» **Try it**: Among the entries below, the lines from the one with "ポケモン風あだ名 | 『ヒラッキーハント』『ラッキング』 |" up to and including the one with "The Imagitarium 1.4" are to be restated exactly, without pictures.

» **Material for this task**:
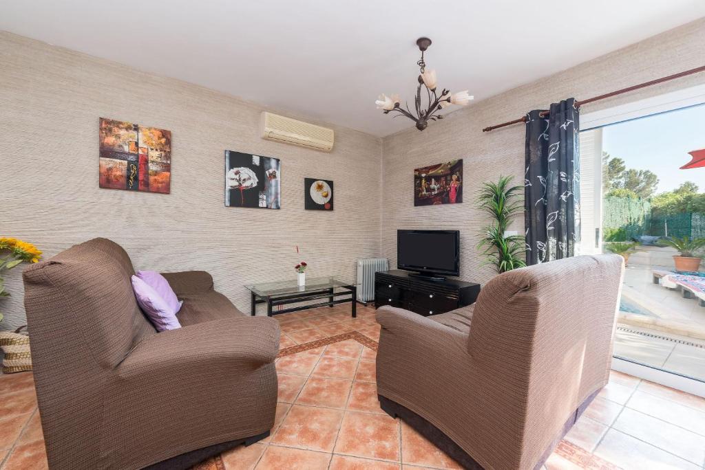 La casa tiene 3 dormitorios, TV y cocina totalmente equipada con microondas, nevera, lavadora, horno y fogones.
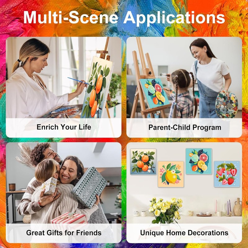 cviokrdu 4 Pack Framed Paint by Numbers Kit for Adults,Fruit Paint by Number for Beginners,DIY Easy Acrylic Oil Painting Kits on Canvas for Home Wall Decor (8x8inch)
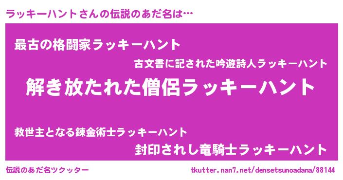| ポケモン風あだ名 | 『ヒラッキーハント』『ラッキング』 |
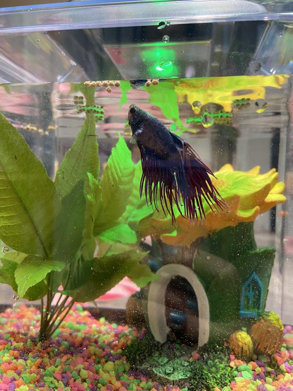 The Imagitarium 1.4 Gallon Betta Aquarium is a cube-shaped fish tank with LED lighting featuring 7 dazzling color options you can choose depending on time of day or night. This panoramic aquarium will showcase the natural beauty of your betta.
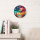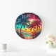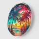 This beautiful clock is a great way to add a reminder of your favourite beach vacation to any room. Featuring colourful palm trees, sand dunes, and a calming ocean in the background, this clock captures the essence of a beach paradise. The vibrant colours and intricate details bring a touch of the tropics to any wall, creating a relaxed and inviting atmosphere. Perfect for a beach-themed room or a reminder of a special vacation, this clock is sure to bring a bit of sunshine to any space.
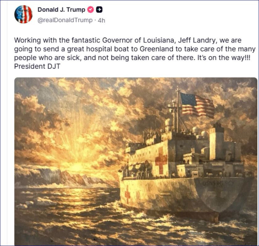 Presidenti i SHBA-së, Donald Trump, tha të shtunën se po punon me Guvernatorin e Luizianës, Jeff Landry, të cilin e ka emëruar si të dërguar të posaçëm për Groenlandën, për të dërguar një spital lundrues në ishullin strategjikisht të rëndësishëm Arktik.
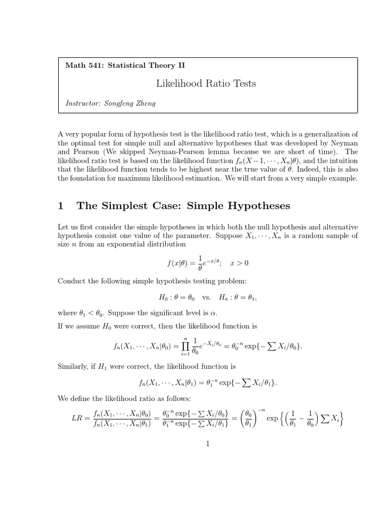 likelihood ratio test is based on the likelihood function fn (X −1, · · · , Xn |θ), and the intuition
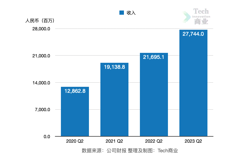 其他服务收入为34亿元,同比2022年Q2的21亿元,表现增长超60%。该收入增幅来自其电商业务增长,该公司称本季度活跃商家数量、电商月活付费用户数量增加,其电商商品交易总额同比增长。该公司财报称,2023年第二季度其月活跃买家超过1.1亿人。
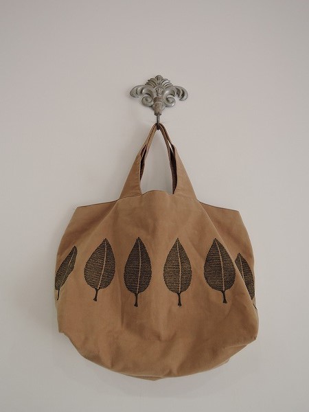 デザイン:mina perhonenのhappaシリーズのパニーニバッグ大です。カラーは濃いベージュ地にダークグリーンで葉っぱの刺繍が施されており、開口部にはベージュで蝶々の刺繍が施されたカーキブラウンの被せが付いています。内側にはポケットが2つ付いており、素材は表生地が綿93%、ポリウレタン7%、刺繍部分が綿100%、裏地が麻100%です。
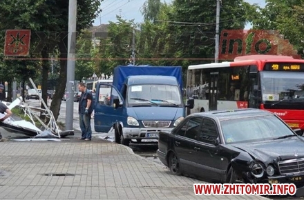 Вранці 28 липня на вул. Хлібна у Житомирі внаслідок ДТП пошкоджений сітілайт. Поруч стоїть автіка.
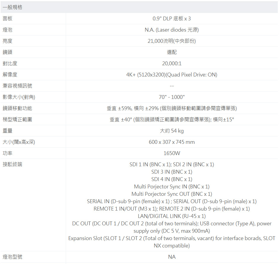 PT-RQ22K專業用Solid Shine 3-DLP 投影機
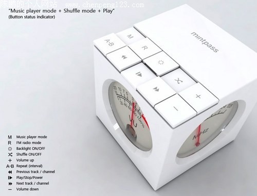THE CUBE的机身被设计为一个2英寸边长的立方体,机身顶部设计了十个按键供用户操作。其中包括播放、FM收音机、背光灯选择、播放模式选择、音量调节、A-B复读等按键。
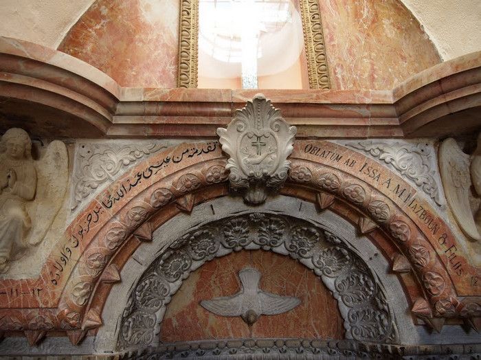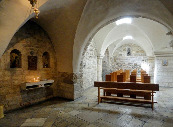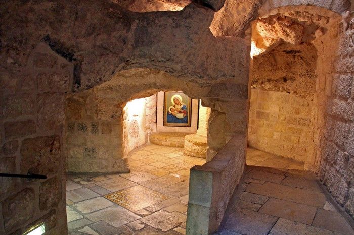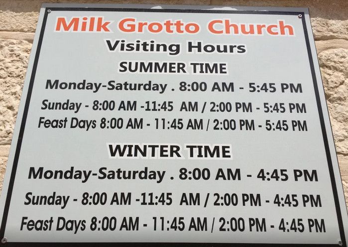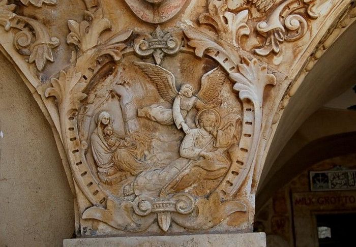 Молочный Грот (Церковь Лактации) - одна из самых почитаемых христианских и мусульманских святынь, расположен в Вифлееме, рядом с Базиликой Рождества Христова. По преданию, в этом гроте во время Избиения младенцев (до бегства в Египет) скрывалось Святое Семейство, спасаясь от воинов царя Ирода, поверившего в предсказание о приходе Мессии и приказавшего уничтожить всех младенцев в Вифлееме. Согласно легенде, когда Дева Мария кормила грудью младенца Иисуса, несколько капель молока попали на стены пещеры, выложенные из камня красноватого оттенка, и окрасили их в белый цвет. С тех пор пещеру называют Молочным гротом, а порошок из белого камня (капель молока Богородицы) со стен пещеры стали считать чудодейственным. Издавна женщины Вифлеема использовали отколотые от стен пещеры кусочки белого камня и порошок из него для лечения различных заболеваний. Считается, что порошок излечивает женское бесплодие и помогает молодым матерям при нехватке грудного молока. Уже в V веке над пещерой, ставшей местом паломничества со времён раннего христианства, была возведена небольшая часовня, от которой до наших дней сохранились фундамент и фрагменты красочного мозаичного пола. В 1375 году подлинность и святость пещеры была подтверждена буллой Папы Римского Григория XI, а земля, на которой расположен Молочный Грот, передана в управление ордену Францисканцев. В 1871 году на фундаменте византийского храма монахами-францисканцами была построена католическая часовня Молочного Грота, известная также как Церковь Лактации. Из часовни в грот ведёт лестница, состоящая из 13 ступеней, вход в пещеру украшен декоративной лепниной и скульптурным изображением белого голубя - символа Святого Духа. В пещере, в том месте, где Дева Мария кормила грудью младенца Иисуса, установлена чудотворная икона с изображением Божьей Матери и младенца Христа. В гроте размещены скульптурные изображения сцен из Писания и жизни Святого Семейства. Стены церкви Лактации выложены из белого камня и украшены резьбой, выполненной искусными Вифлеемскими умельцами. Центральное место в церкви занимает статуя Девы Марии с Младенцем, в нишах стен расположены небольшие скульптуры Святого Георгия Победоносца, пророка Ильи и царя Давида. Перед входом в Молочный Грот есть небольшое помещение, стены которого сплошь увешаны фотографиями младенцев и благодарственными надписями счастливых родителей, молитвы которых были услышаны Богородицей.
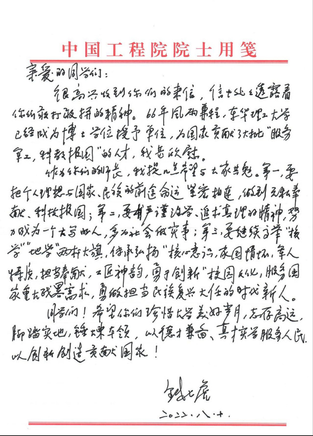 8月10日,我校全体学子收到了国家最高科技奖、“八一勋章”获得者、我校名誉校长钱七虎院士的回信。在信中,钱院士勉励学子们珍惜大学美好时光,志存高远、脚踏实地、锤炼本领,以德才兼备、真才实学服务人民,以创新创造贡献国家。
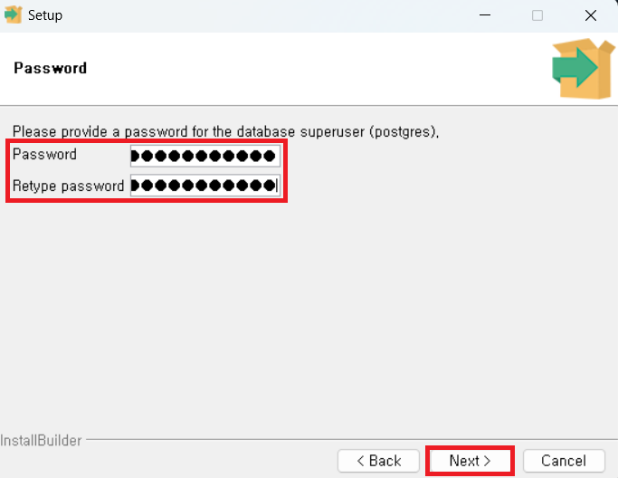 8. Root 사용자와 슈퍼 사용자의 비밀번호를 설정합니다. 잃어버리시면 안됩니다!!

» **Completed exercise**:
| ポケモン風あだ名 | 『ヒラッキーハント』『ラッキング』 |
 The Imagitarium 1.4 Gallon Betta Aquarium is a cube-shaped fish tank with LED lighting featuring 7 dazzling color options you can choose depending on time of day or night. This panoramic aquarium will showcase the natural beauty of your betta.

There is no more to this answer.